Jan 4th 2018

The landmark visual album LEMONADE (Beyoncé, 2016) draws inspiration from the evocative imagery of Julie Dash, Arthur Jafa and Carrie Mae Weems, and the haunting poetry of Warsan Shire, to protest the invisibility of Black women, and offer a radical, but complicated, revisioning of Black female bodies and struggles. The screening will be followed by conversation with filmmaker JULIE DASH, singer/songwriter/poet JAMILA WOODS and UChicago film scholar/Cinema 53 curator JACQUELINE STEWART.

**This event is free and open to the public. Seating is first-come, first-seated. Doors open at 6:30.**

JULIE DASH is a filmmaker, author and website creator. Her film studies began in Harlem in 1969, but eventually led her to the American Film Institute and UCLA, where she made The Diary of an African Nun (1977), based on a short story by Alice Walker, which won a student award from the Directors Guild of America. Dash’s critically acclaimed short film Illusions (1982) later won the Jury Prize for Best Film of the Decade awarded by the Black Filmmakers Foundation. Dash’s first feature — Daughters of the Dust (1991) — was the first film by an African American woman to receive a general theatrical release in the United States; the Library of Congress named it to the National Film Registry in 2004. She was nominated for a Directors Guild Award for The Rosa Parks Story (2002) starring Angela Bassett. In 2017, Dash directed episodes of Ava DuVernay’s Queen Sugar on the Oprah Winfrey Network.

JAMILA WOODS is a Chicago poet, singer-songwriter, and educator. A Pushcart Prize winner and recipient of the 2015 Ruth Lilly and Dorothy Sargent Rosenberg Poetry Fellowship, her poetry has been published by Poetry Foundation, Haymarket Books and Third World Press. She currently works as Associate Artistic Director of Young Chicago Authors, where she teaches poetry to Chicago youth and helps organize Louder Than A Bomb, the largest youth poetry festival in the world. As a singer-songwriter, she has collaborated with Chance The Rapper and Macklemore, and toured supporting Corinne Bailey Rae. She also served as music consultant for the Emmy-nominated web series Brown Girls. Her critically acclaimed debut album HEAVN was re-released via JagJaguwar Records and Closed Sessions in 2017.

JACQUELINE STEWART, curator of Cinema 53, is professor of Cinema and Media Studies at the University of Chicago, director of the Gray Center for Arts and Inquiry, and co-curator of the L.A. Rebellion Preservation Project at the UCLA Film and Television Archive. She also directs the Southside Home Movie Project and serves as an appointee to the National Film Preservation Board. She is currently researching the racial politics of moving image preservation and is also completing a study of the life and work of African American actor/writer/director Spencer Williams. Stewart is the author of Migrating to the Movies: Cinema and Black Urban Modernity, which has achieved recognition from the Society for Cinema and Media Studies and the Black Caucus of the American Library Association.
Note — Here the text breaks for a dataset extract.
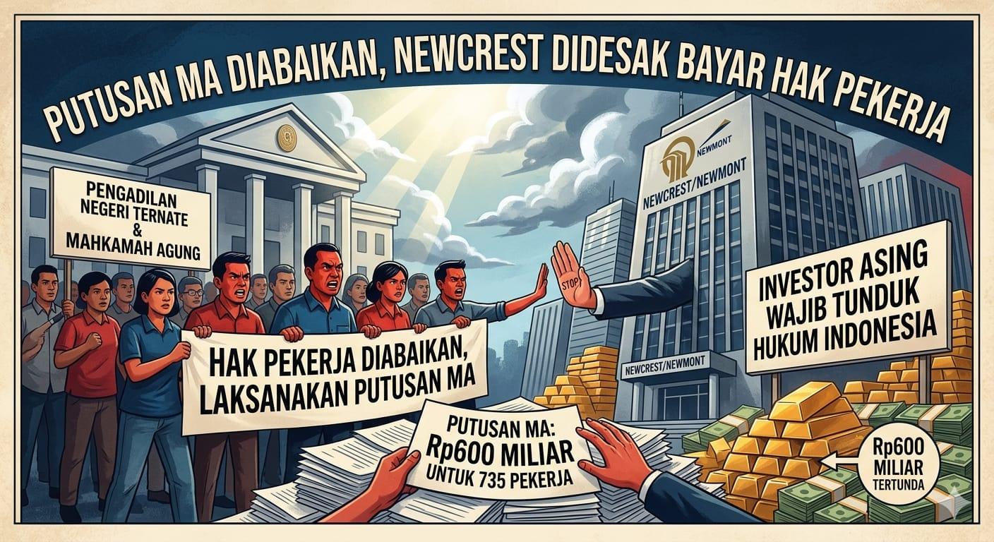 Radar Nusantara, JAKARTA – Desakan keras dialamatkan kepada Newcrest Mining Limited, yang kini menjadi bagian dari Newmont Corporation, untuk segera melaksanakan putusan pengadilan terkait pembayaran pesangon kepada 735 mantan karyawan PT Nusa Halmahera Minerals (NHM). Hingga saat ini, kewajiban tersebut dinilai belum dijalankan meski telah berkekuatan hukum tetap.

This event concludes Ripples and Waves, 4-part a series of programs observing the 40th anniversary of the Combahee River Collective Statement, the radical articulation of the tenets and goals of a truly revolutionary Black feminist theory and praxis. Presented in conjunction with the UChicago Center for the Study of Race, Politics and Culture and the fall Reproduction of Race & Racial Ideologies Workshop series, “From Combahee to #BlackLivesMatter: Exploring a History of Black Politics and Culture,” with support from the Center for the Study of Gender and Sexuality at UChicago.
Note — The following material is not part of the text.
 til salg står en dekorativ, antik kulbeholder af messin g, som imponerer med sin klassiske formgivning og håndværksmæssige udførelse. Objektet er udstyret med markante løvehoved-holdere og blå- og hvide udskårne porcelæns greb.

Cinema 53 is a new screening and discussion series presenting conversation-provoking films by and about women and people of color. A partnership between the historic Harper Theater in downtown Hyde Park and the University of Chicago’s Gray Center for Arts & Inquiry, Cinema 53 brings together scholars, artists, students and audiences from the South Side and beyond to consider how visual cultures reflect, and reflect upon, enduring inequalities and revolutionary futures.